From our experience, core to this approach is good governance and finding strong leadership teams who are competent stewards. This is particularly important in EM, with firms often under the control of a family or government entity. Yet, to find these firms, you need to go beyond data alone to find stewards that are profitable and actively integrate SDGs into their business models.

A prime example is Raia Drogasil, Brazil’s leading drug retail chain, which is stewarded by three families: the Galvao, Pippinzi, and Pires Oliveira Dias. Their effective governance and commitment to the company’s ethos are indicative of the high standards we seek in sustainable investments. The leadership of Raia Drogasil have proven their ability to find the sweet spot between growth, environmental, social and governance (ESG) factors, and profitability. Over the last few years, competitors with a lack of experience but hungry for profits entered the market and quickly opened stores across Brazil. Despite this aggressive competition, Raia Drogasil stuck to their tried-and-tested business model as opposed to undertaking a risky strategy to match their competitors.

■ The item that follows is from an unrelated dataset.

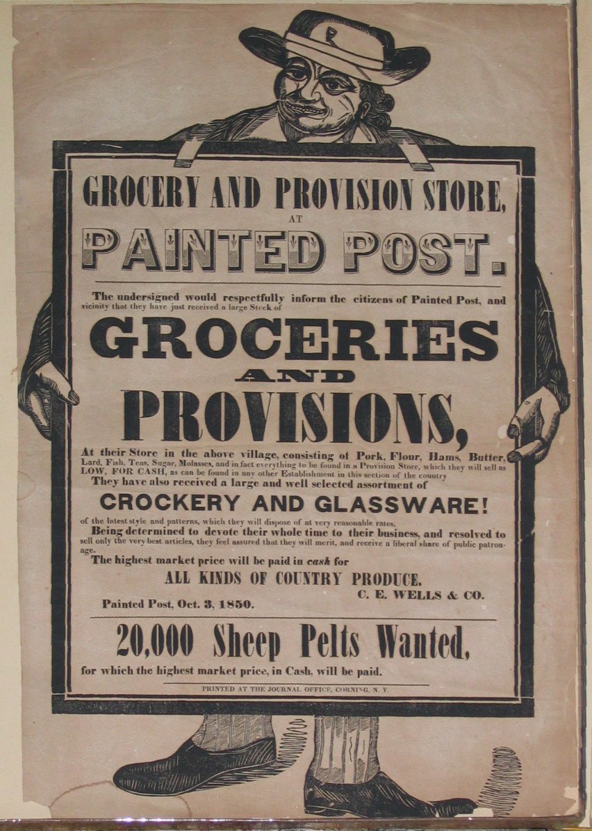 Great-grandmother Hannah Compton Wells died in April 1888, two months before her 67th birthday. Her great-granddaughter, my grandmother Fern Hawkins, wasn’t born until six years later. Consequently, not much of substance was carried down through the years about this ancestor. In fact, the only times her name came up in my hearing two generations later was in mention of a bad trait in the family—"She must have gotten that from Great-grandmother Wells." Since I'm quite sure you didn't deserve that, Grandmother, may I offer our collective apologies? (That family habit has not continued in my generation.) Obtaining the quotes from her Bible in 1951 (see Hannah’s Bible) gave us information about her no one had had before. What struck us as most interesting at that time was the information about her grandfather who died in the American Revolution and his ancestor Spencer Compton who had died in 1643 fighting the Parliamentarian forces that ousted England's King Charles. (Hannah's Bible called them "Cromwell's forces," but we now understand that Cromwell did not come into the picture until a few years later.) Husband CharlesHannah Marie Compton, the youngest of the eleven children in her family, was my third great-grandmother. While we’ve had plenty of information about the Comptons down through the generations, we’ve had only scraps of information and speculations about C.E. Wells, the man Hannah married. As recently in March 2012, that was about it. I knew that from some census work my nephew/webmaster had gained a few clues about C.E.’s family and roots, and I encouraged him to write up at least what he knew at that point. In the end, he wrote me two pages, and that research turned up some significant things about his life and Hannah’s. We now know that his name was Charles, that his family had also lived in Tyrone when he was growing up, and that he had as many as three brothers and five sisters. You can read here the full story of how Matt sorted out that mystery: C.E. Wells. So Charles and Hannah had sizable extended families on both sides, not just the Comptons. Since Charles’ father and his family were in Tyrone by the time he was ten or eleven, it is possible he and Hannah knew each other quite well while growing-up. Since Charles was seven years older than she and she was less than sixteen when they married, it is possible he did some waiting for her to grow up—just as another young man would do for one of their daughters years later. Though we have a lot more to learn about Charles’ siblings and what happened to his mother, it has been interesting to learn that he and Hannah had a large family on both sides during their years in Tyrone, New York. Gaining and Losing FamilyCharles and Hannah had been married three years and their first baby, Marcia Almira, was eleven months old in the late summer of 1840 when illness (we assume) struck the community. First, her brother David’s fourteen-year-old daughter, Effie, died. Within ten days, four younger nieces and nephews also died. Her brother William and his wife lost two on the same day, and they buried them in a common grave. Four of those who died are buried in a little cemetery on what would become Donovan Hill. Her brother Peter also lost a little girl, age two, but she is buried in the old cemetery at Sugar Hill where two siblings had been buried years earlier. Even though the Wells family escaped the death angel (perhaps the epidemic did not reach as far as the town of Tyrone), it is hard to imagine what a tragic and emotional time it must have been for the whole family. Hers and Charles’ second baby, Marion Elizabeth, was born in November of that year, 1841. The same month she was born, her Aunt Annie’s tenth child, Seymour Runyen Lockwood, turned ten. How soon everyone started calling her Minnie is unknown, as well as how long it was before cousin Seymour took a shine to her and decided he would wait for her to grow up. More on that in a moment. Charles and Hannah’s third child, in 1843, was another girl, and she became my great-great-grandmother. For a while, we weren’t sure if her name was Roxana or Roxanne, Sophrona or Sophronia, or indeed which of the two came first, but we now know from the Stauffer family Bible that is was Sophrona Roxana. And we’ve recently discovered that one of Charles’ brothers married a lady named Roxana, so there is the possibility that had something to do with Charles and Hannah giving the name to their daughter. Apparently she was known as Roxy most or all of her life (perhaps from the beginning to distinguish her from her aunt?), and that is the name on her tombstone. Moving onIn 1846, the family moved from Tyrone, in Schuyler County, New York, a bit further south to Painted Post, in Steuben County. We haven’t found anything on why they made that move. Two years later, another sister was born. They named her Mary Jane, but she would go through life as Jane. She would grow up to marry the younger brother of the man Roxy would marry—but that is another story (see Samuel Stauffer). In Painted Post—and likely in Tyrone, Charles appears to have supported his family as a grocer. A descendant, Marilyn Averill Towar of Flint, Michigan, and a great-granddaughter of Roxy’s (I’m a great-great-), had a tray that had been in her family for years. When she removed the picture on the surface, she found underneath two family treasures that had been used for lining the tray. One was an artist’s sketch of Painted Post and the other a grocery poster with Charles Wells’ name on it. The poster is fascinating reading all the way through, and it reveals a lot of the Charles’ character and the world they lived in. In 1854, after six years in Painted Post, the Wells family came to the huge decision to make an even greater move. They set out for Michigan. Marcia was 15, Minnie 13, Roxy 11, and Jane 6. Had young Seymour Lockwood decided by then that Minnie was the girl he wante
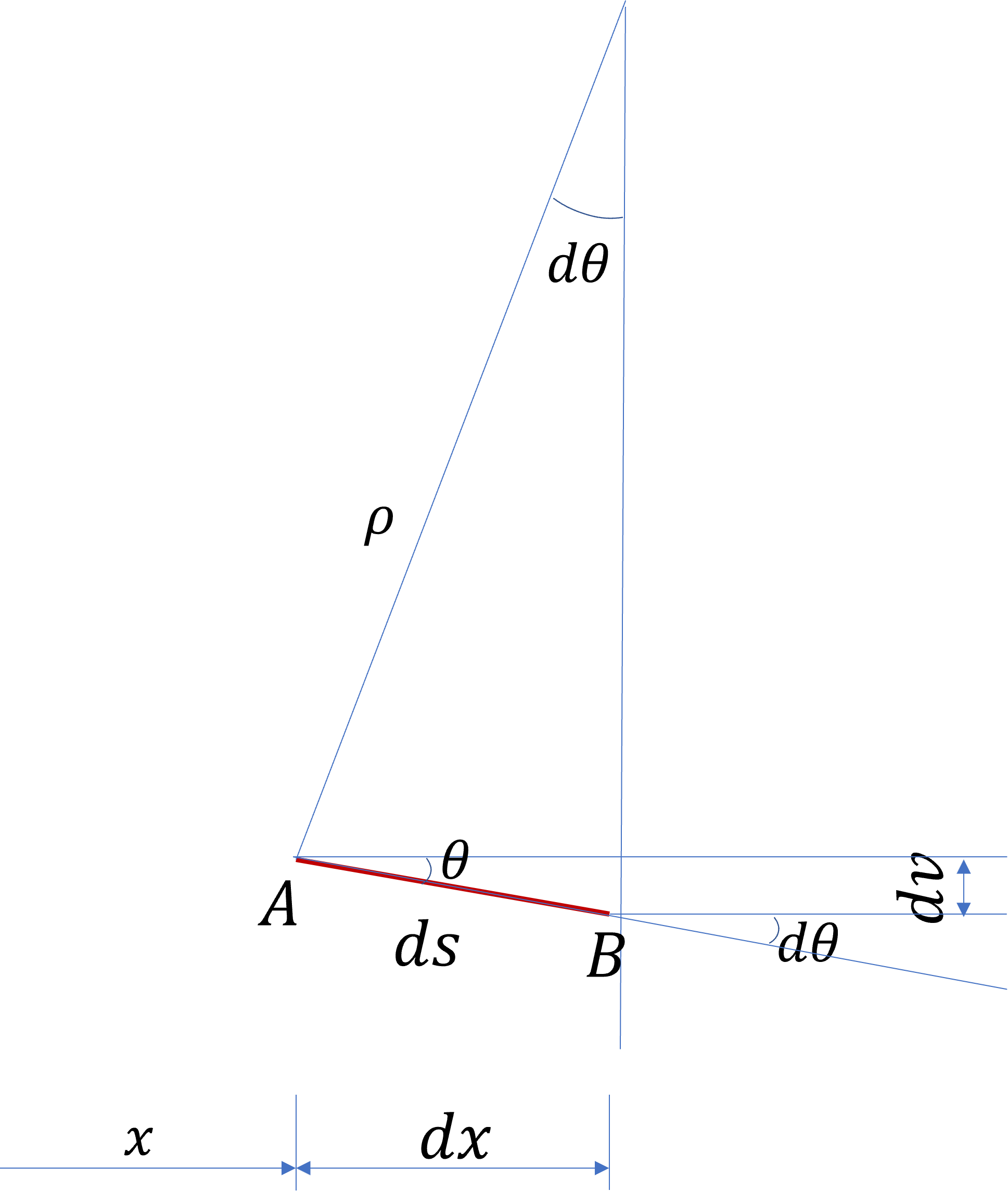 여기서 곡률반경( ρ)은 곡률(Φ)의 역수이고, 처침량의 증분 dv이 충분히 작다면 다음과 같이 나타낼 수 있습니다.

We believe meeting management teams and understanding how they perceive and react to challenges and find solutions to today’s global issues is key to finding resilient firms. Data alone cannot tell you this. However, by taking a bottom-up approach, investors can identify and invest in high-quality companies led by resilience stewards that further sustainable development and do not compromise on returns.

Riding the wave of EM

Despite the challenges facing emerging markets in the last decade, certain companies have demonstrated resilience and growth through strong stewardship. These firms have been able to ride out volatile periods and maintain strong trajectories in spite of the uncertainty they face in their country’s macro-economic environment.

Raia Drogasil, for instance, has increased its market share significantly, from 9 per cent to 15 per cent over the past 10 years. The firm supports good health and well-being of Brazilians by ensuring they have access to affordable medicines, providing employment to over 50,000 people, where over 60 per cent are women, as reported in Raia Drogasil’s 2022 Annual Sustainability report.

With the firm tracing its roots back to the first half of the 20th century, its leaders have navigated coups, high inflation, and instability while not comprising their focus on sustainability and good shareholder returns. We have seen first-hand how having a patient steward at the helm of the firm, who has an eye on running the business for the next generation, is a tangible advantage.

Ultimately, no single metric will enable you to find out whether firms such as Raia Drogasil are led by good leaders and stewards. You need to go beyond the data and look to how companies have dealt with periods of instability, created resilient businesses, and how they are now advancing sustainable development. This approach enables investors to truly find sustainable companies in emerging markets that are primed to deliver sustainable returns over the long term.

Forming a nuanced understanding of a company’s quality beyond surface-level metrics is only possible through truly understanding the stewards at the wheel of the business and what they are achieving on the ground. We believe this is vital to finding EM firms with strong sustainable business model that can unlock a host of benefits for their areas of operation and shareholders.